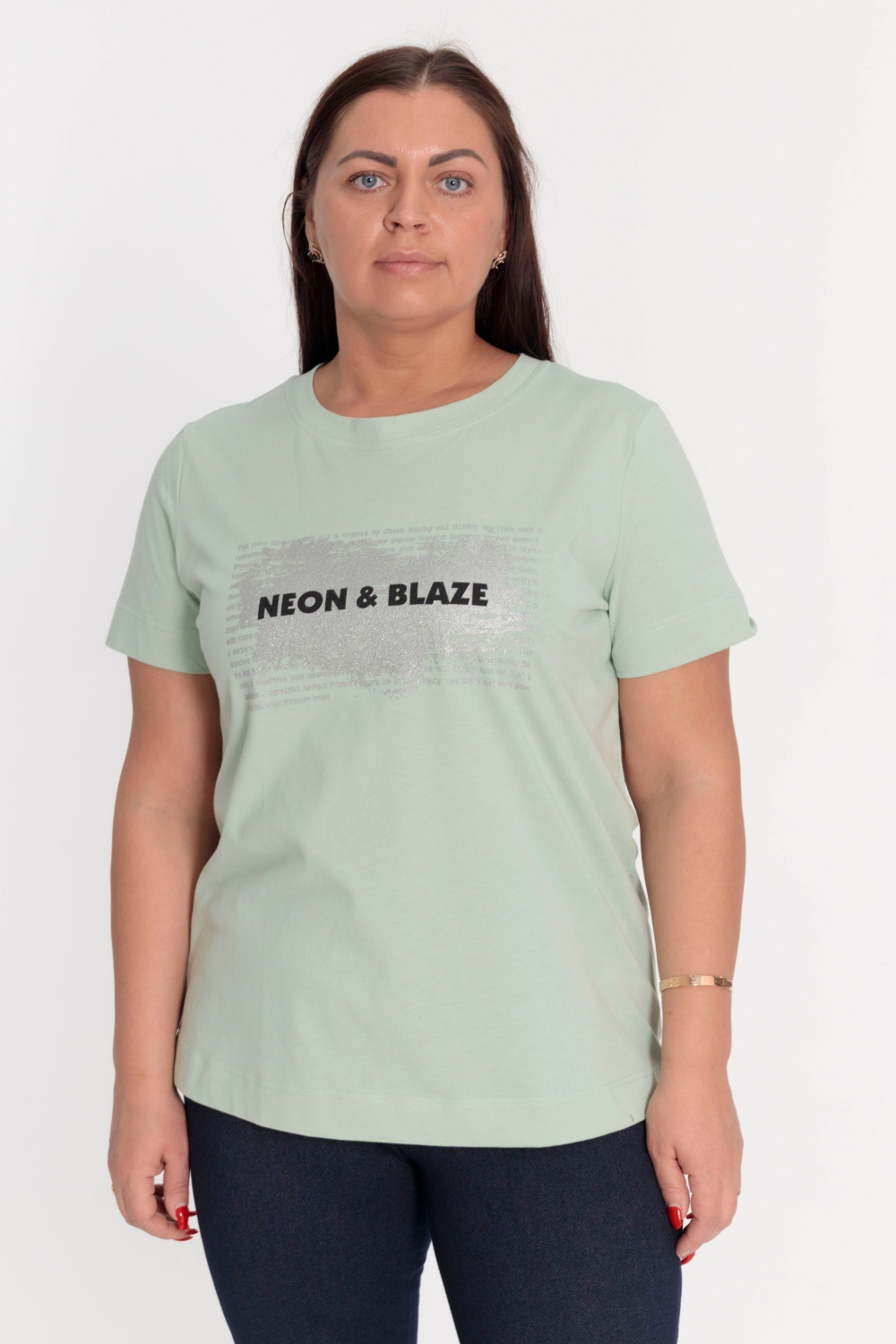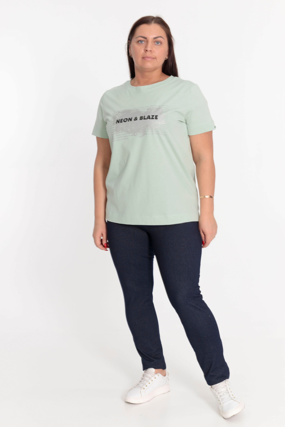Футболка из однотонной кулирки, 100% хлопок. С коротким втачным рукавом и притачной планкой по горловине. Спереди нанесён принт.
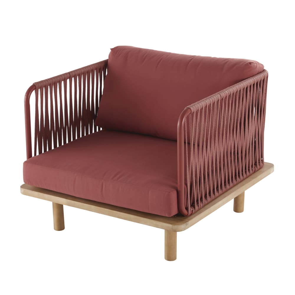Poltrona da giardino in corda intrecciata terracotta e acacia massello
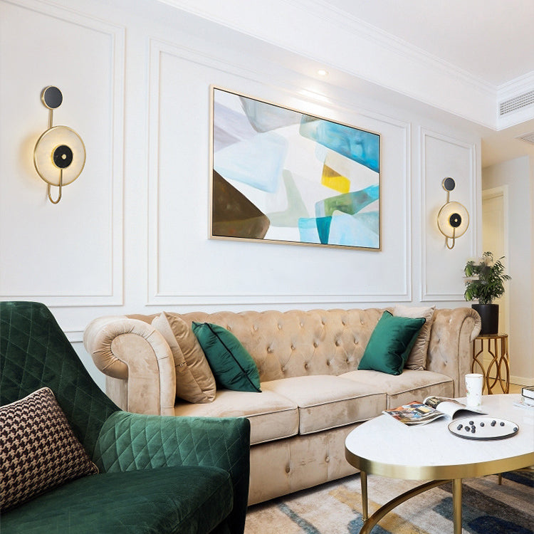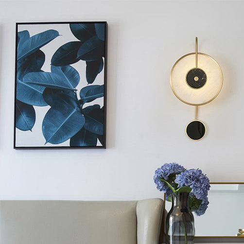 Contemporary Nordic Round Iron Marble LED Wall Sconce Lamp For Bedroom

******

**Aim of the task**
What you return must match the material above exactly, apart from its pictures.

**Task response**
Футболка из однотонной кулирки, 100% хлопок. С коротким втачным рукавом и притачной планкой по горловине. Спереди нанесён принт.
Poltrona da giardino in corda intrecciata terracotta e acacia massello
 Contemporary Nordic Round Iron Marble LED Wall Sconce Lamp For Bedroom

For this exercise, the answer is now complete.